Fábio Barbosa, que era presidente do Banco Santander quando eu trabalhava por lá, na incorporação da análise de riscos socioambientais às operações de crédito, costuma dizer que “não dá para ir bem em um país que vai mal”. País, mundo – no caso, tanto faz. Não há como encontrar refúgio em um planeta que derrete.
E daí, como prosseguir quando se chega a esse entendimento?
Ambientalistas e cientistas têm manifestado sua depressão diante dos prognósticos cada vez mais sombrios. Não há consolo em dizer “eu avisei”.
Mas eu me agarro às memória de Paulo Nogueira-Neto, patrono da conservação da nossa natureza. Às vésperas da conferência Rio+10, a celebração de uma década desde a Cúpula da Terra, perguntei como ele não se desanimava diante da avalanche de reveses. “Se formos para Johannesburgo com uma expectativa excessivamente otimista, seremos ingênuos”, ele ponderou. “Mas se não tivermos um mínimo de otimismo, não sairá nada de lá”.
Nossa única saída é cair para cima. Olhar para as próprias circunstâncias e buscar possibilidades de ativismo, investimento social, educação.

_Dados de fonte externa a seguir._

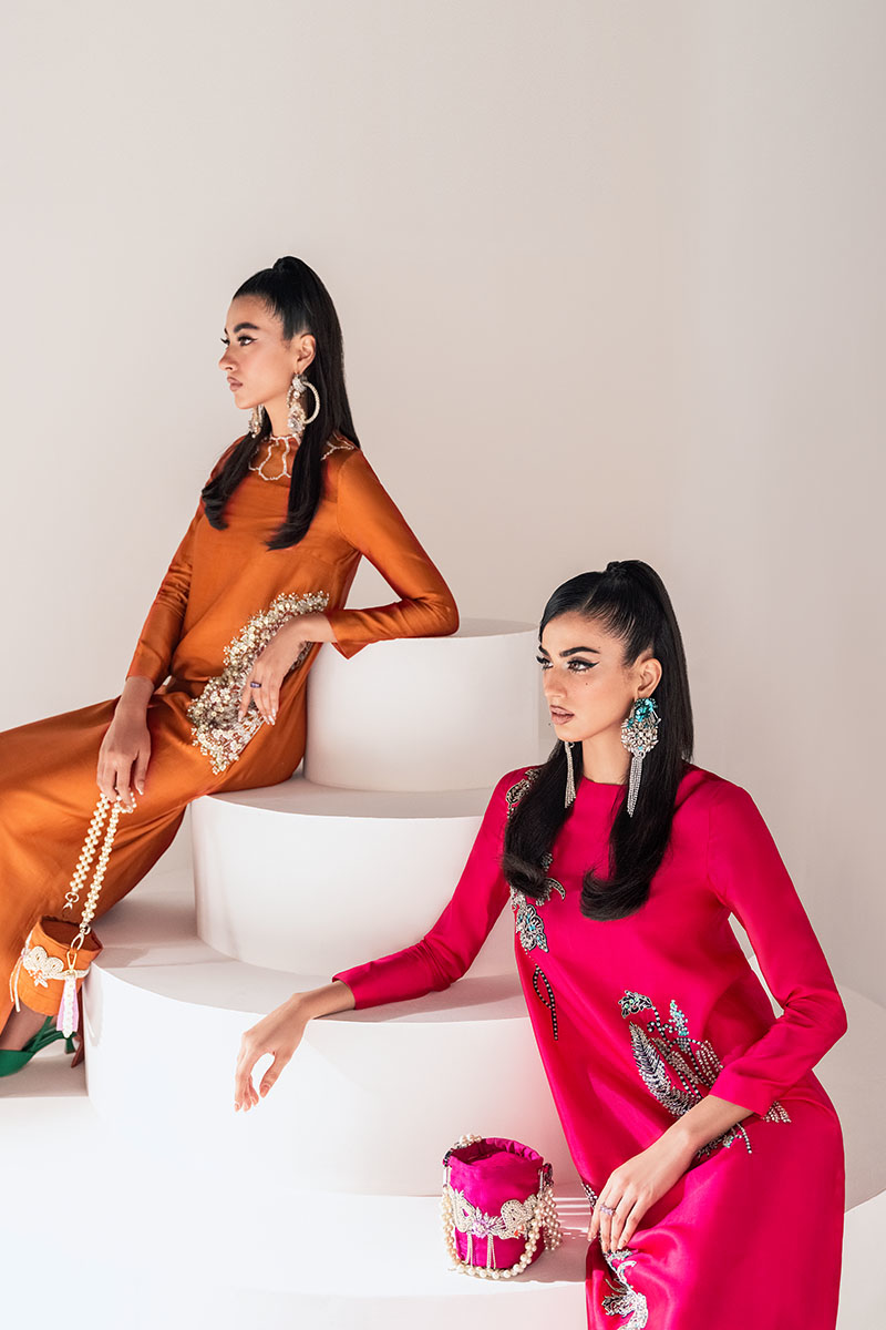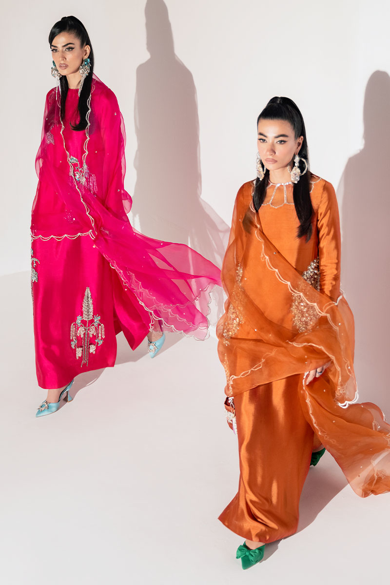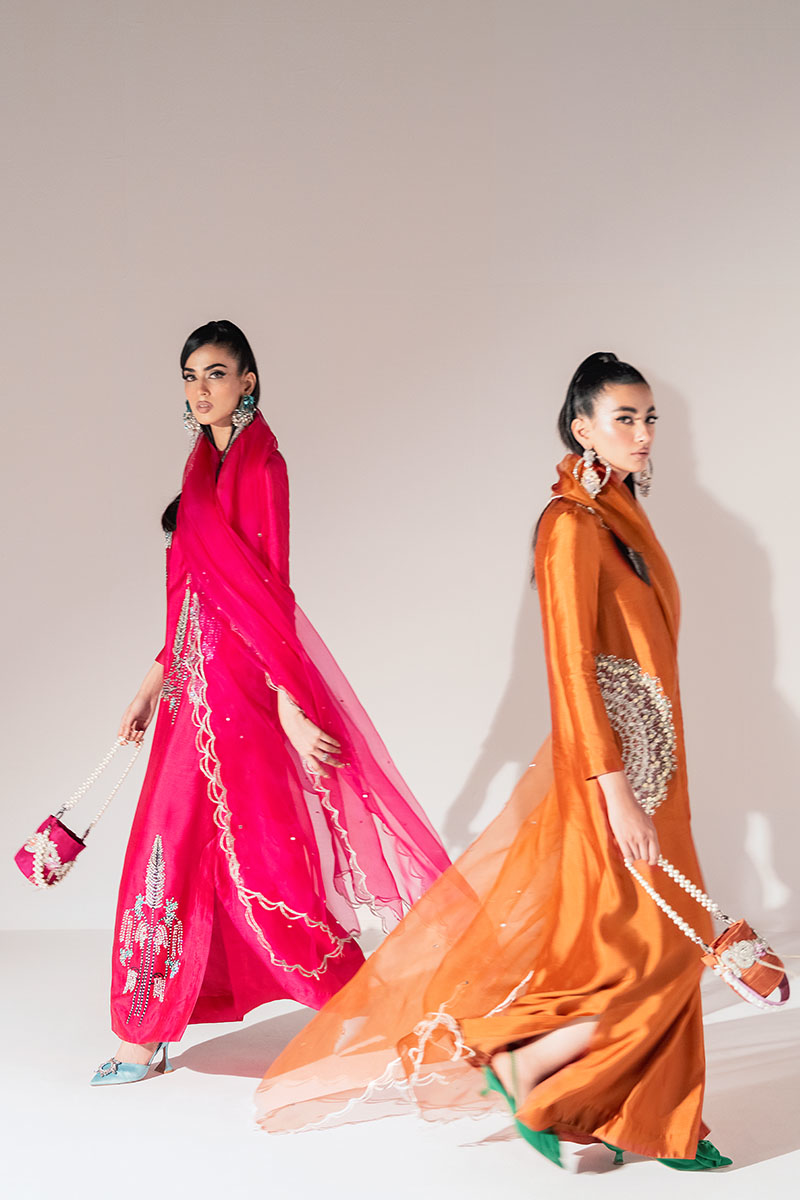 The bold and vibrant hawt pink long Kaftaan dress in tissue silk fabric is a true statement piece. Crafted with intricate silver embellishment on black thread, this ensemble is designed to make you look feminine and glamorous. The hawt pink matching organza scalloped dupatta perfectly complements the outfit.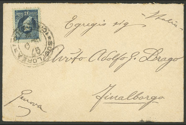 with postmark of "SUC. LOREA" sent to Italy on 8/JUL/1897, franked with 12c. (GJ.144), and arrival backstamp (Image)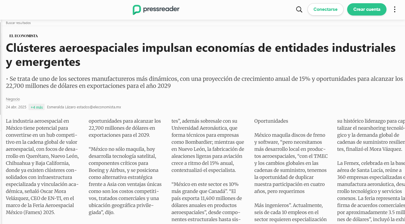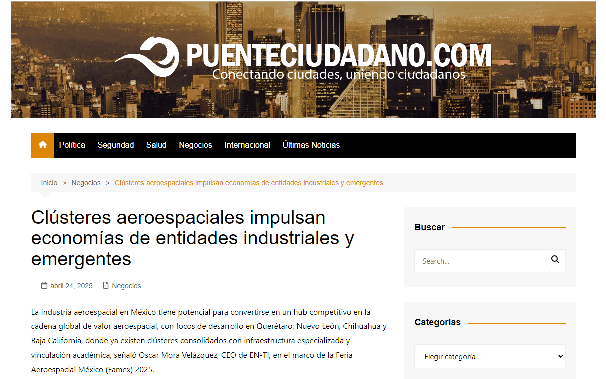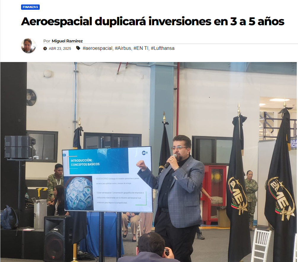 Óscar Mora, CEO de EN-TI, conto que tuvo el honor de participar como conferencista en el evento – impartiendo una ponencia titulada “Nearshoring Aeroespacial: La Oportunidad de México en la Nueva Geopolítica Industrial”...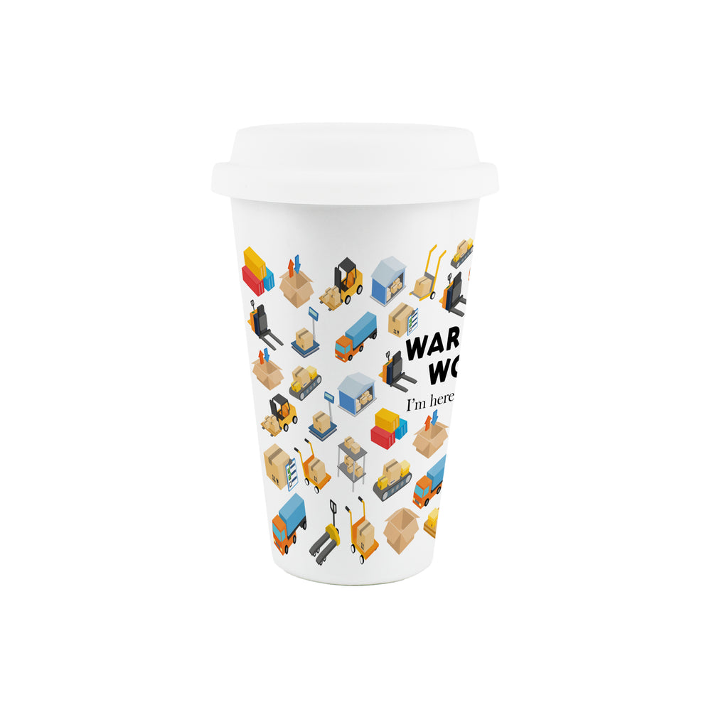This fun ceramic travel mug features a warehouse themed print, with the amusing quote - 'Warehouse Worker - I'm here to fork stuff up'. Perfect as a gift for yourself or for friends in the trade!
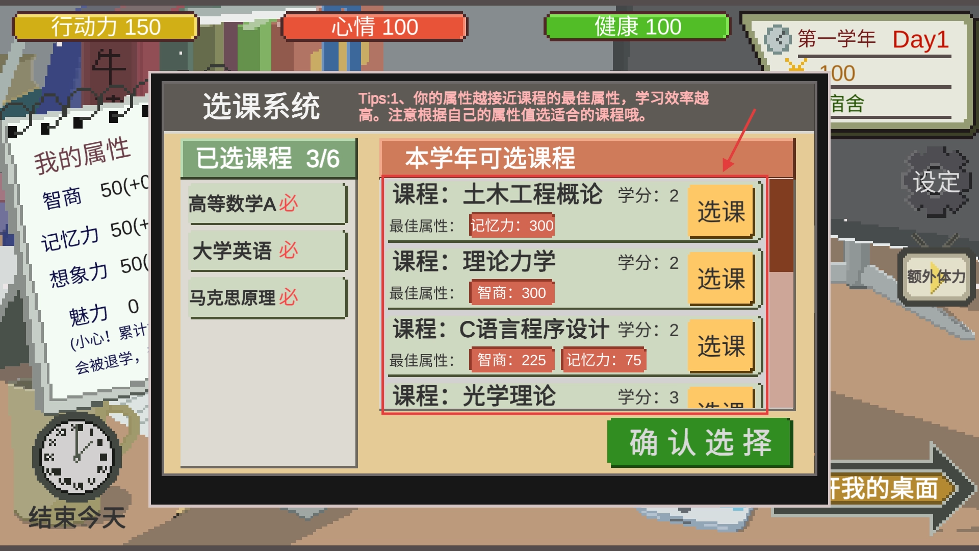 在选课界面选择【土木工程概论-学分2-记忆力300】这类课程,通过匹配属性来提升选课效率,最后点击【确认选择】按钮即可完成操作。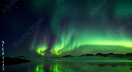 © Hooh, Naklejka premium Spectacular aurora borealis display over tranquil waters at night
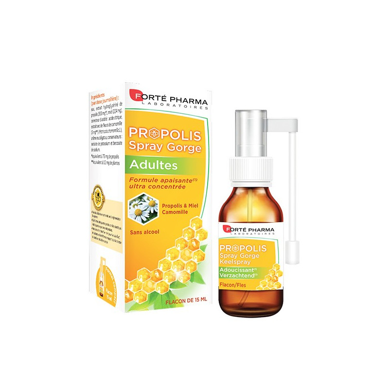 Propolis Adulte de Forte Pharma c'est un spray adoucissent pour la gorge. Aromatisé au miel et à l'huile essentielle d'eucalyptus, il est concentré en Propolis et en camomille pour apaiser efficacement les gorges les plus irritées.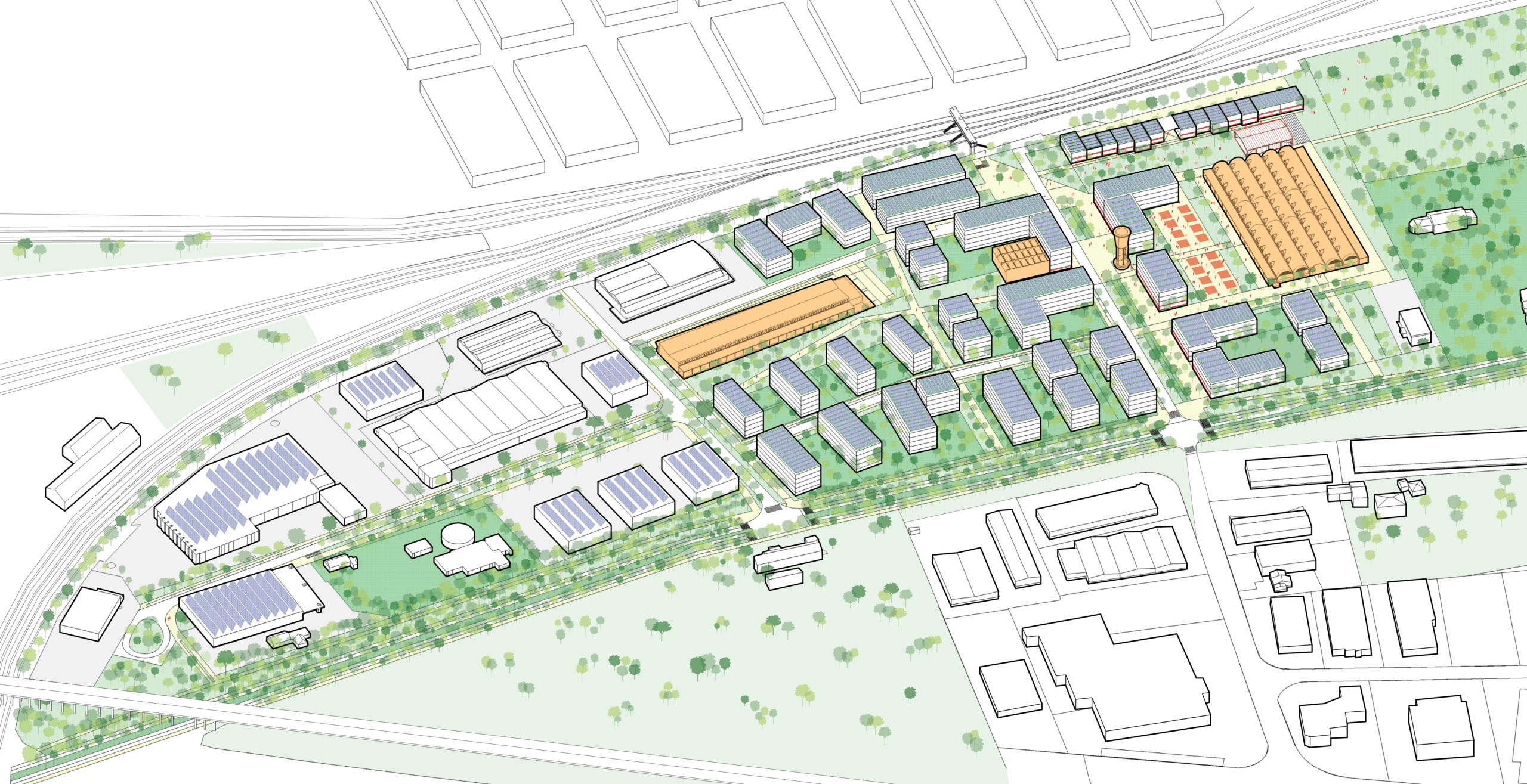 La requalification du site permettra de reconsidérer sa frange nord-ouest pour aménager des carrefours d’entrée sécurisés et de créer une véritable lisière forestière. Une bande boisée support de plusieurs fonctions : paysagère, hydraulique, de biodiversité, de fraicheur, et d’une voie verte pour les modes actifs. Cette nouvelle trame paysagère marquera l’entrée dans la ville avec un tissu urbain maillé, hiérarchisé et dense.

No meu caso, entendi que não tenho estrutura para lidar com tragédias, elas me paralisam. E eu quero ser como o doutor Paulo. Quero saber do que pode dar certo. Para isso é preciso ter foco. Todos precisamos de algum objetivo, uma cenoura que nos obrigue a avançar, mesmo que sem visibilidade. Mesmo que a fumaça dificulte a respiração.
No meu caso, defini botar a minha energia no apoio a iniciativas de recuperação de áreas degradadas da Mata Atlântica, meu hábitat original. Vamos ter de plantar muito, e com critério, para reduzir impactos. Daí nasceu o Projeto Nova Mata, que já mapeou mais de 800 iniciativas, entre ONGs, empresas, poder público e toda sorte de comunidade, de remanescentes de quilombos a pequenos viveiros engajados nesse movimento.
Também quero organizar toda a informação disponível, os guias e manuais, as fontes de recursos físicos e financeiros, as pessoas engajadas na base, na tentativa de reforçar as redes que já existem.
Isso faz diferença? Vai mudar alguma coisa? Não faço ideia. Mas não há alternativa além da resistência.